I was in Cleveland once for a wedding about 35 years ago. We had a great time and the couple is still married. I can recommend the Tick Tock Tavern…. unless it’s made any changes in the last 35 years. Then you’re on your own.
So last week I reminisced about Minnesota and 1991. It is much more pleasant to bask in 1995 and the Cleveland Proto-Guardians. As Tolstoy opened Anna Karenina — “All happy families are alike, but each unhappy family is unhappy in its own way.” Such to me are baseball seasons: all years you win the World Series are alike but the ways you lose them are unique. Hating Kent Hrbek and Kirby Puckett and Jack Morris for what they did to the Braves brings abck memory after memory. The ~500 OPSing performances of Eddie Murray, Sandy Alomar, Omar Vizquel, Kenny Lofton and Carlos Baerga combine in warm miasma of futility. They combined for 108 AB and 19 hits, and just 7 for extra bases. All 5 were good players, and they all had negative WPA in that Series.
The Braves didn’t score in the first, but neither did Cleveland. Same in the second inning. The third found two runs on a Michael Harris II homer (I told you he was back) and a Ronald Acuna jr. – Ozzie Albies paso doble. (Ronald did one of those things where he tweaked his shoulder and acted as if his arm had been amputated. I love you Ronald, but this has to stop.) Ozuna followed up with a homer in the next inning. Harris’ second homer in the fifth made it 4-0. Someone said it last week, but it is no accident that Harris’ second gear coincides with Atlanta’s recent success.

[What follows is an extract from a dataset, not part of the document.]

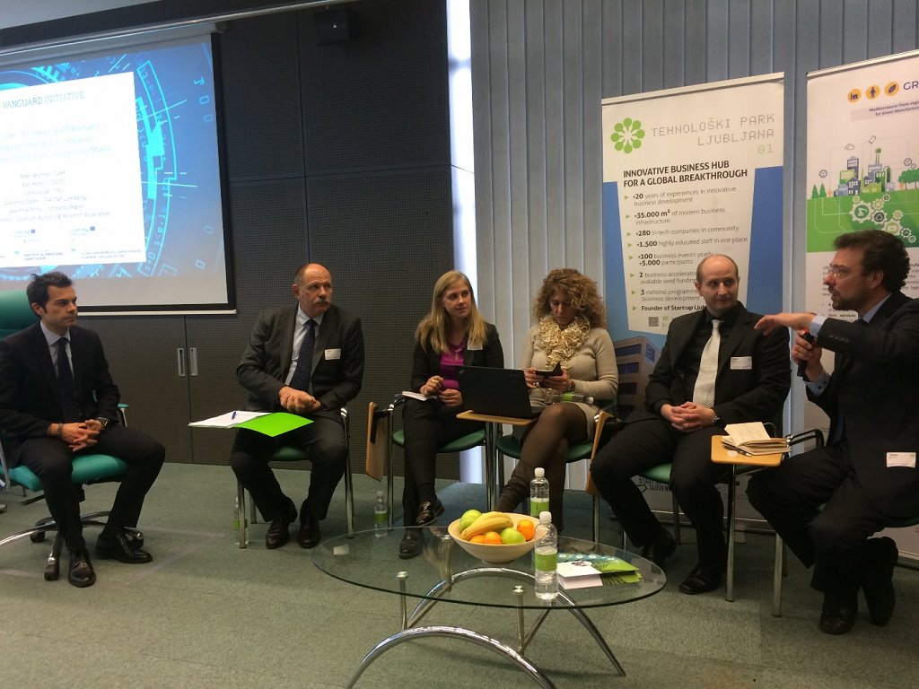 Osrednji del konference je potekal v obliki okrogle mize, na kateri so sodelovali Peter Wostner (SVRK), dr. Aleš Hančič (TECOS), Iztok Lesjak (Tehnološki park Ljubljana), Giacomo Copani (ITIA CNR-Lombardy), Valentina Pinna, (Vanguard iniciativa) in Maja Ferlinc (Slovensko gospodarsko in raziskovalno združenje SBRA). Razpravljali so o vplivu in priložnostih Vanguard iniciative za podjetja, posredniške organizacije in odločevalce.

Bryce Elder and his magical mirror act went 6 2/3, chased by a two run single from Amed Rosario. A.J. Minter closed out the 7th and pitched 2 outs in the 8th before being relieved by Nick Anderson with the tying runs on base. He retired Myles Straw, taking us to the 9th.
Raisel Iglesias pitched the 9th: 1-2-3. 9 in a row. Baseball is not this easy. Even recapping isn’t this easy, but it’s pretty easy in these circumstances. Two more games in the series. Then maybe we’ll face them again in the World Series.